WORK TASK: What should you transcribe? Every line from the top of the records below through the line with "더불어민주당 전당대회와 관련", exactly, and no pictures.

DATA TO USE:
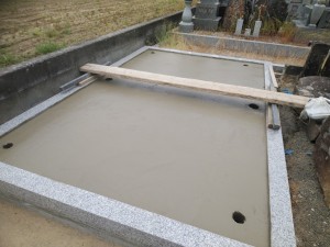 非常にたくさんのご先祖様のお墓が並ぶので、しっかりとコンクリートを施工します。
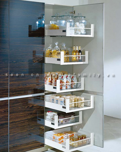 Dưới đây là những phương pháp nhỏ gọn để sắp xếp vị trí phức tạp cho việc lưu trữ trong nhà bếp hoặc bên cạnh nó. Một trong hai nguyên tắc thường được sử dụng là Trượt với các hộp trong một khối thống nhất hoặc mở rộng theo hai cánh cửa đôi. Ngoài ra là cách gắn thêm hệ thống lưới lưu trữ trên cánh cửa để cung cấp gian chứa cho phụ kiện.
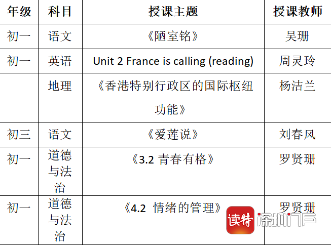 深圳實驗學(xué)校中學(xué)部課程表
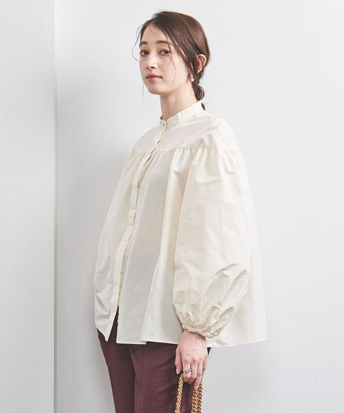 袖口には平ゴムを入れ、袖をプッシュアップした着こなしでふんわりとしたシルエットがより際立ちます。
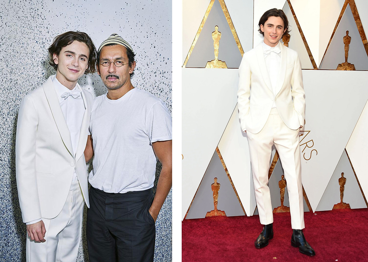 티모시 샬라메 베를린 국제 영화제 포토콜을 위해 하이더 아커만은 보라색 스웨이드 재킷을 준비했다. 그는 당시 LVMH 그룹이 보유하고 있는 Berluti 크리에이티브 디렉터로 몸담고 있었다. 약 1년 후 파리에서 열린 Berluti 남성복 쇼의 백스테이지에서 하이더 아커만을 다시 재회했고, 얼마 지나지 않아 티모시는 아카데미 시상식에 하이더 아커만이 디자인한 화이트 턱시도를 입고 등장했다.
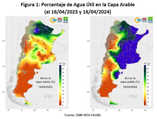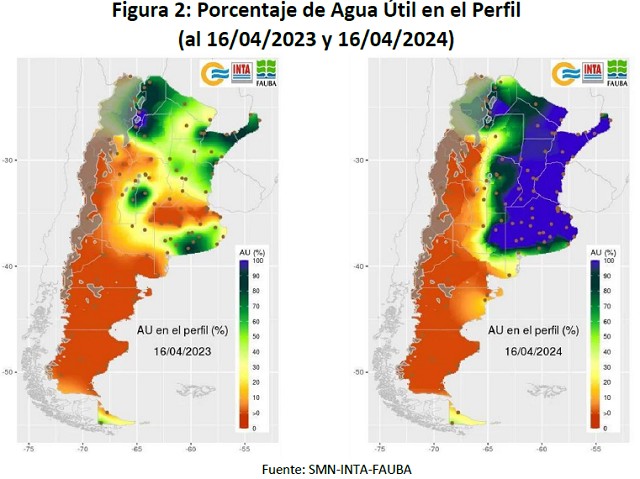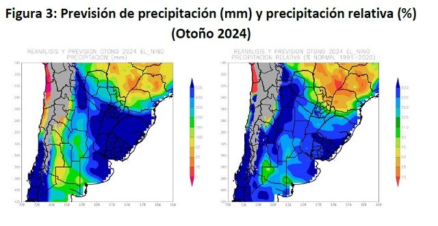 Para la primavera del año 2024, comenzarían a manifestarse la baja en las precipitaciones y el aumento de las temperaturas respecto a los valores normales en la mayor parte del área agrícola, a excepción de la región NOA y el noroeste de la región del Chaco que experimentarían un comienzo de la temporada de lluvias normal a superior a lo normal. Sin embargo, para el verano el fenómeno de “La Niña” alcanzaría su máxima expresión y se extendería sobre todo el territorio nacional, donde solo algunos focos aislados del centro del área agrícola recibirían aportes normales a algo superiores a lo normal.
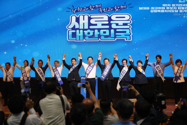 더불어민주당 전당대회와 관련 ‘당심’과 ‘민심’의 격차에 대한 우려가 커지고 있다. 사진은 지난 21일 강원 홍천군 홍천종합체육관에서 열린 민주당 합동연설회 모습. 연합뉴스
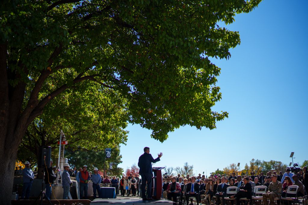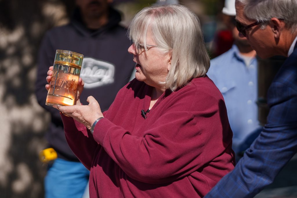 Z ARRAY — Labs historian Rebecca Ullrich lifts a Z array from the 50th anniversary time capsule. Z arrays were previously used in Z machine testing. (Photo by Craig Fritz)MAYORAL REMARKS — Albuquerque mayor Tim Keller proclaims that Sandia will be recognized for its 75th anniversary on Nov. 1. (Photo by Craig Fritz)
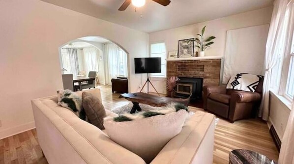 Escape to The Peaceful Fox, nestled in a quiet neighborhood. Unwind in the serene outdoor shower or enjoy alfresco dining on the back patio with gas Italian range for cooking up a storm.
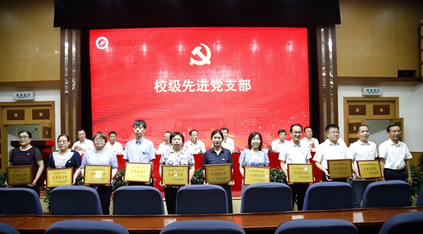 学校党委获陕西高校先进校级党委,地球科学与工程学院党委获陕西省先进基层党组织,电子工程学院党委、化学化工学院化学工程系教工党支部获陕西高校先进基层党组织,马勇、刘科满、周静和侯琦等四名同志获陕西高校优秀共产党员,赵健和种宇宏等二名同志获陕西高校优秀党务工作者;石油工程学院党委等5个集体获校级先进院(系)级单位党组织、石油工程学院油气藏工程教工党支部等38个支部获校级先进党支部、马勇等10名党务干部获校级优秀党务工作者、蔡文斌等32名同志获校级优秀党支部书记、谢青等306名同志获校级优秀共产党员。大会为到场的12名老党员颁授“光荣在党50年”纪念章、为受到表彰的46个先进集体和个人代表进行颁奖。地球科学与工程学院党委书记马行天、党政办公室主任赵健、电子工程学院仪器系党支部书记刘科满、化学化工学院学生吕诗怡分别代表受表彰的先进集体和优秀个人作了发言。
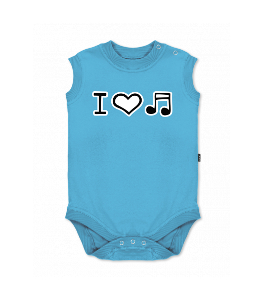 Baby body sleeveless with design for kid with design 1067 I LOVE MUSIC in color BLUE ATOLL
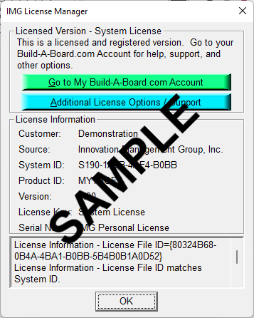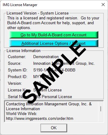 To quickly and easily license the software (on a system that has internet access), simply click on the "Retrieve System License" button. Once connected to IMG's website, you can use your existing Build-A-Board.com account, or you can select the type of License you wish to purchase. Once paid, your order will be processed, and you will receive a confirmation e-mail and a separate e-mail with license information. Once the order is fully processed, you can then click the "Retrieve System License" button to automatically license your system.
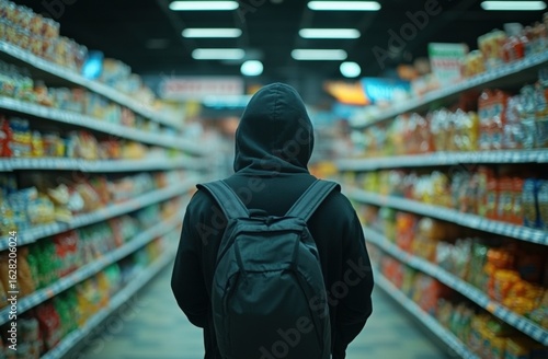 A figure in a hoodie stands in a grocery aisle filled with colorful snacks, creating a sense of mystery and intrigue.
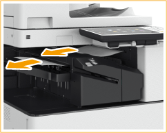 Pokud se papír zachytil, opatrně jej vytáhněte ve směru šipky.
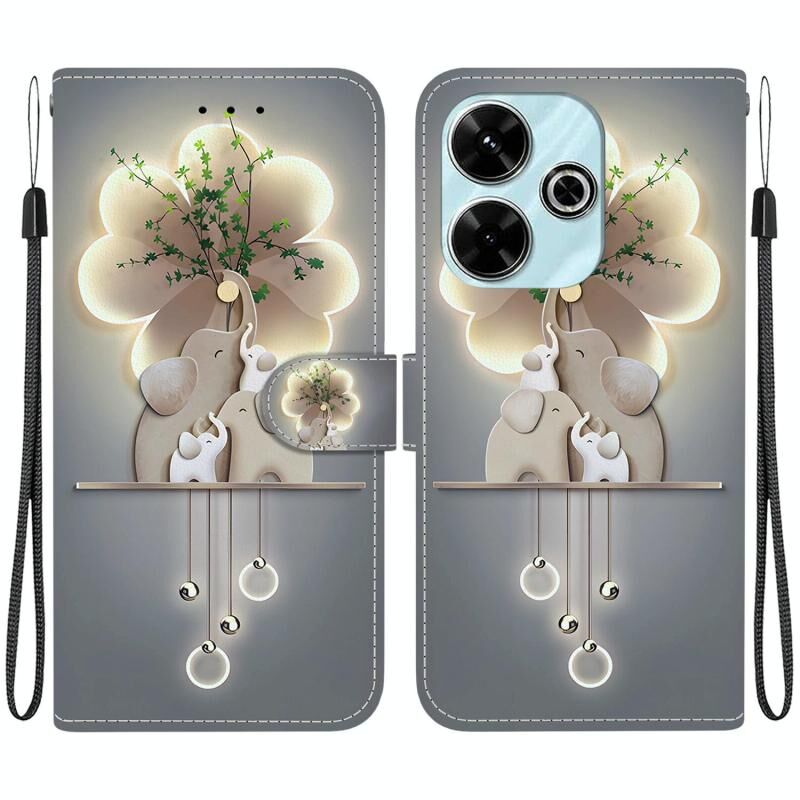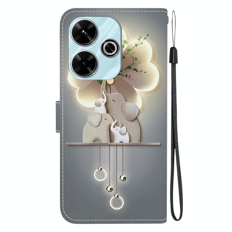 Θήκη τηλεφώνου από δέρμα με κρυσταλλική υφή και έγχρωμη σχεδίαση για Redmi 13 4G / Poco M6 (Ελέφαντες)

REPLY TO THE TASK:
 非常にたくさんのご先祖様のお墓が並ぶので、しっかりとコンクリートを施工します。
 Dưới đây là những phương pháp nhỏ gọn để sắp xếp vị trí phức tạp cho việc lưu trữ trong nhà bếp hoặc bên cạnh nó. Một trong hai nguyên tắc thường được sử dụng là Trượt với các hộp trong một khối thống nhất hoặc mở rộng theo hai cánh cửa đôi. Ngoài ra là cách gắn thêm hệ thống lưới lưu trữ trên cánh cửa để cung cấp gian chứa cho phụ kiện.
 深圳實驗學(xué)校中學(xué)部課程表
 袖口には平ゴムを入れ、袖をプッシュアップした着こなしでふんわりとしたシルエットがより際立ちます。
 티모시 샬라메 베를린 국제 영화제 포토콜을 위해 하이더 아커만은 보라색 스웨이드 재킷을 준비했다. 그는 당시 LVMH 그룹이 보유하고 있는 Berluti 크리에이티브 디렉터로 몸담고 있었다. 약 1년 후 파리에서 열린 Berluti 남성복 쇼의 백스테이지에서 하이더 아커만을 다시 재회했고, 얼마 지나지 않아 티모시는 아카데미 시상식에 하이더 아커만이 디자인한 화이트 턱시도를 입고 등장했다.
 Para la primavera del año 2024, comenzarían a manifestarse la baja en las precipitaciones y el aumento de las temperaturas respecto a los valores normales en la mayor parte del área agrícola, a excepción de la región NOA y el noroeste de la región del Chaco que experimentarían un comienzo de la temporada de lluvias normal a superior a lo normal. Sin embargo, para el verano el fenómeno de “La Niña” alcanzaría su máxima expresión y se extendería sobre todo el territorio nacional, donde solo algunos focos aislados del centro del área agrícola recibirían aportes normales a algo superiores a lo normal.
 더불어민주당 전당대회와 관련 ‘당심’과 ‘민심’의 격차에 대한 우려가 커지고 있다. 사진은 지난 21일 강원 홍천군 홍천종합체육관에서 열린 민주당 합동연설회 모습. 연합뉴스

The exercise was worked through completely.